# iOS 13



## 142605 (Mar 4, 2018)

For anyone wondering, the Uber Driver app works fine in iOS 13.

With that said, Android is probably a better choice for driving.


----------



## Bork_Bork_Bork (May 20, 2019)

Authority said:


> For anyone wondering, the Uber Driver app works fine in iOS 13.
> 
> With that said, Android is probably a better choice for driving.


Android is a better choice in all ways.


----------



## VanGuy (Feb 15, 2019)

I do love my iphone but disappointed I can't run it jailbroken with Uber or Lyft. Although there are utils out there for masking the fact that you're jailbroken I'm not sure they're worth the risk.


----------



## Bork_Bork_Bork (May 20, 2019)

VanGuy said:


> I do love my iphone but disappointed I can't run it jailbroken with Uber or Lyft. Although there are utils out there for masking the fact that you're jailbroken I'm not sure they're worth the risk.
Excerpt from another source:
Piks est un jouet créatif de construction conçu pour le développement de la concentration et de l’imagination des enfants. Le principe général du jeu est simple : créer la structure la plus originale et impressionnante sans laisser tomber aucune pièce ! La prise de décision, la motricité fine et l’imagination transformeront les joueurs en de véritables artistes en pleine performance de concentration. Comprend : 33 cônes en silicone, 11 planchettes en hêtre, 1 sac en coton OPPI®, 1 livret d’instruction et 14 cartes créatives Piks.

I run my iPad Pro jailbroken.......you might wanna do a little research.


----------



## VanGuy (Feb 15, 2019)

Bork_Bork_Bork said:


> I run my iPad Pro jailbroken.......you might wanna do a little research.


A few people here have said they won't work on jb devices and there's even Reddit threads about how to jb and use Uber.


----------



## Bork_Bork_Bork (May 20, 2019)

VanGuy said:


> A few people here have said they won't work on jb devices and there's even Reddit threads about how to jb and use Uber.


Oh! You read it here.....I see.


----------



## VanGuy (Feb 15, 2019)

Bork_Bork_Bork said:


> Oh! You read it here.....I see.




I came here to learn. Sometimes the only way to learn is by trying I guess.


----------



## Bork_Bork_Bork (May 20, 2019)

VanGuy said:


> I came here to learn. Sometimes the only way to learn is by trying I guess.


Seriously....do some research. I'm on iOS 12 jailbroken, and I run Uber and LYFT with no issues. Just because they couldn't do it (no surprise there), doesn't mean it can't be done...it just means they couldn't do it.

Take a look around, that can't be shocking.....


----------



## 142605 (Mar 4, 2018)

Bork_Bork_Bork said:


> Seriously....do some research. I'm on iOS 12 jailbroken, and I run Uber and LYFT with no issues. Just because they couldn't do it (no surprise there), doesn't mean it can't be done...it just means they couldn't do it.
> 
> Take a look around, that can't be shocking.....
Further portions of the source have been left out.